Droopys Leroy was eliminated in the first heat of round three which was won by Count Gelignite. The next heats went to Toms View, Velvet Rebel, Geldrops Touch and Ballymac Niloc before Droopys Marco held on to defeat the strong finishing Westmead Hawk in a sensational heat. Blue Majestic and Lenson Thierry completed the night's winners. Droopys Maldini and Romeo Paddy were high profile casualties.

Ningbo Jack won the first quarter final and Blue Majestic and January Tiger won heats 3 and 4 respectively but heat 2 was another meeting between Droopys Marco and Westmead Hawk. However this time Hawk caught Droopys Marco on the run-in to claim a revenge victory.

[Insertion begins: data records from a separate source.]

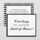 Élégante et intemporelle, cette carte de demande de témoin de mariage à carreaux noirs et blancs est le moyen idéal de demander à votre meilleure amie ou à un membre de votre famille de vous soutenir le jour de votre mariage. Avec un motif à carreaux noir et blanc audacieux au dos et une typographie classique et sophistiquée sur le devant, cette carte trouve le juste équilibre entre style moderne et sentiment sincère.
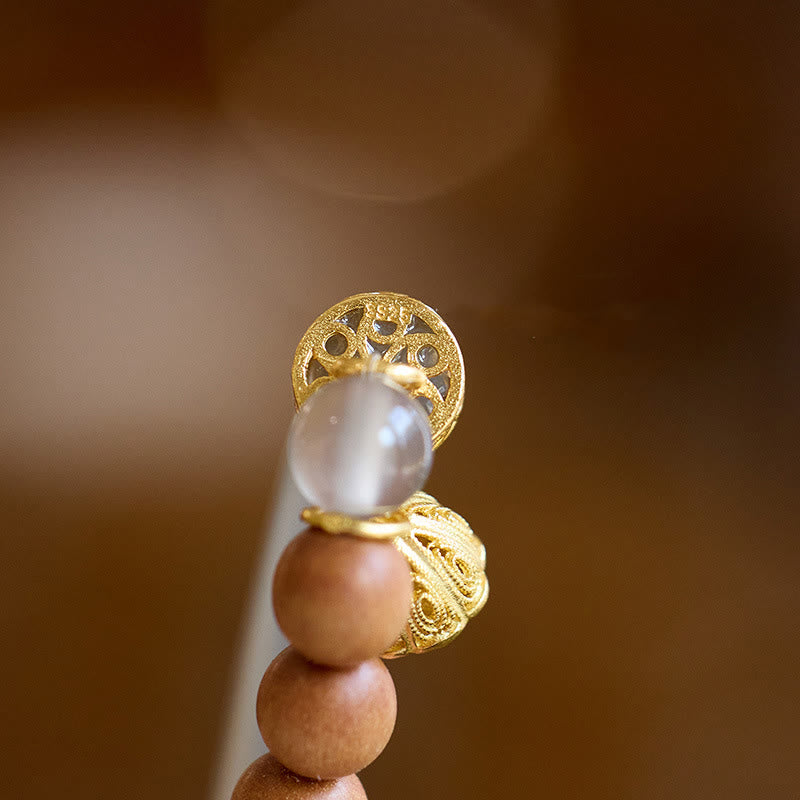 - Materials: Sandalwood, Gray Agate, Chalcedony, 925 Sterling Silver Gold Plated
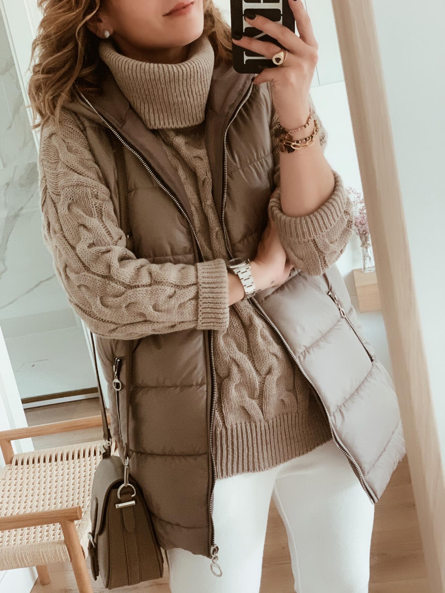 Nuevo Chaleco acolchado en color taupe con cremalleras en los bolsillos y efecto cremallera también en Capucha.
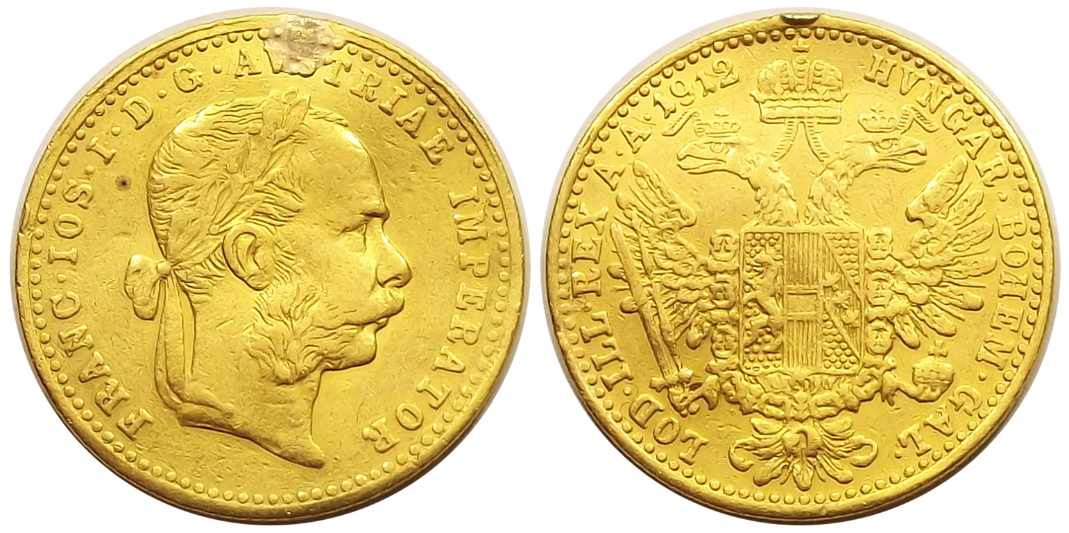 Arany 1 dukát 1912 Ferenc József, eredeti évjárat, fülnyommal.

Westmead Hawk became a strong favourite when Droopys Marco failed to progress to the final in the first semi final, he found trouble in a race won by Ningo Jack and finished last. Blue Majestic and Geldrops Touch claimed the other two qualifying places. In the second semi final Westmead Hawk also found trouble but made his way through the field to finish second behind Mineola Farloe with outsider Blonde Mac taking third place.